- [Problem description] Say how many lines of the records include the string "будет". Nothing else belongs in the answer.

--- START ---

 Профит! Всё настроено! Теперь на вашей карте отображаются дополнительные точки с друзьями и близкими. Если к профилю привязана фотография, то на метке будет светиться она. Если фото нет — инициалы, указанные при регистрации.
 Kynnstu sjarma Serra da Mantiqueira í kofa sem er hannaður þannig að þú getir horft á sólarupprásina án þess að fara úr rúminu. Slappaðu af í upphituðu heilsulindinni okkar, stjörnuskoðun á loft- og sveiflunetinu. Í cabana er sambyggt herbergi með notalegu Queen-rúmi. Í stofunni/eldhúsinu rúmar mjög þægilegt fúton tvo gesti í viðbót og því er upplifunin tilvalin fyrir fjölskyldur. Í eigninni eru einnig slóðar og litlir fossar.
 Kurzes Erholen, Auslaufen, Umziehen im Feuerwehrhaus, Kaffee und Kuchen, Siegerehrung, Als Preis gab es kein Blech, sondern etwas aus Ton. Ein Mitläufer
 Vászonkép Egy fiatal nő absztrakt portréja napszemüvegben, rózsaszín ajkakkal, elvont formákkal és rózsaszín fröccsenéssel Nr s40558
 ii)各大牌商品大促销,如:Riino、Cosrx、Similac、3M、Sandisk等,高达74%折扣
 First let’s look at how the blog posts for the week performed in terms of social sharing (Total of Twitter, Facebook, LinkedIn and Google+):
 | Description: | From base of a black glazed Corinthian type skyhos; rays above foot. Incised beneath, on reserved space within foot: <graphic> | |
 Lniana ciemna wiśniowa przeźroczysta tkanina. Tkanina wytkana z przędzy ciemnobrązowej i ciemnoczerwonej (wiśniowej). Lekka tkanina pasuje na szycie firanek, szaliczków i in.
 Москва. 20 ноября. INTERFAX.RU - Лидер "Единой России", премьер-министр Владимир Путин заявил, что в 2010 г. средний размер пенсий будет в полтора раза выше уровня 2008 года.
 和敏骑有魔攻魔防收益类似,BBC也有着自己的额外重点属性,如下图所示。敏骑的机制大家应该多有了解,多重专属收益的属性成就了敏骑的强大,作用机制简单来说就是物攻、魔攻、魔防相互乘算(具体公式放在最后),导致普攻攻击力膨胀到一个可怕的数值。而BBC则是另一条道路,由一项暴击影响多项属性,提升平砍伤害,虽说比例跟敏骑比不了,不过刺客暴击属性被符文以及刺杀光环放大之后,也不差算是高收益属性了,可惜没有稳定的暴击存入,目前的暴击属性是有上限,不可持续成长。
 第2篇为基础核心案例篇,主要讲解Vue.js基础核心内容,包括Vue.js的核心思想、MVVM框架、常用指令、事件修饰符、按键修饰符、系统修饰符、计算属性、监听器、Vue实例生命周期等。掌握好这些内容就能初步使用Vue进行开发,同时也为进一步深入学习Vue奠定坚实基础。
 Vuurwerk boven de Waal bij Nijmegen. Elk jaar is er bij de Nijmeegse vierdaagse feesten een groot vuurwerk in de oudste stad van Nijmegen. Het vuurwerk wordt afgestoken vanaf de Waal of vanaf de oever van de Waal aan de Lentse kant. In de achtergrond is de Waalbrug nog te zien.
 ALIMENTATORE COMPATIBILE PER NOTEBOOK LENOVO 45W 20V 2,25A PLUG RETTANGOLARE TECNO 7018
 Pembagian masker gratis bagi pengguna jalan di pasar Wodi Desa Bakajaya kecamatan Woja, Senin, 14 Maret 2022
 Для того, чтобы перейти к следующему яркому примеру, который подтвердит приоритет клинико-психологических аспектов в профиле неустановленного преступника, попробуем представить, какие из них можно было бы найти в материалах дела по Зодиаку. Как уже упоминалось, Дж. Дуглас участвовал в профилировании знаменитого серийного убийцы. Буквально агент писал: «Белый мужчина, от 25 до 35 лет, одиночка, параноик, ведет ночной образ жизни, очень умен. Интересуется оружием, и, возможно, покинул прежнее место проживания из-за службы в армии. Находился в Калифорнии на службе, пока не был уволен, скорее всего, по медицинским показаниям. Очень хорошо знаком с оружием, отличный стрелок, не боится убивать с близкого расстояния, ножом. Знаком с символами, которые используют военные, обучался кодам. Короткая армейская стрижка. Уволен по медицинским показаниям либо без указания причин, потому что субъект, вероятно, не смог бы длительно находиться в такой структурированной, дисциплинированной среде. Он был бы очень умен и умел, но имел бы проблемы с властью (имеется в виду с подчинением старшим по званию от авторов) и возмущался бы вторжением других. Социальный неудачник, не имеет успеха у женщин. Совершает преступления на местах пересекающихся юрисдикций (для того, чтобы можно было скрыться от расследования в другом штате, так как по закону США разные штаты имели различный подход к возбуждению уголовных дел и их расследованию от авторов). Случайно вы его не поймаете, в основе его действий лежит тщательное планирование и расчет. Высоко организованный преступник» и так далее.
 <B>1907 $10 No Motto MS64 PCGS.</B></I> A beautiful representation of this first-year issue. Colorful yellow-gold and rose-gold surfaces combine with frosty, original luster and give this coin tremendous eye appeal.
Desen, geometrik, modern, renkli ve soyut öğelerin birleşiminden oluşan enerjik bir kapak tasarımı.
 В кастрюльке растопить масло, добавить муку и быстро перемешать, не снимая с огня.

--- END ---

- [Answer below] 2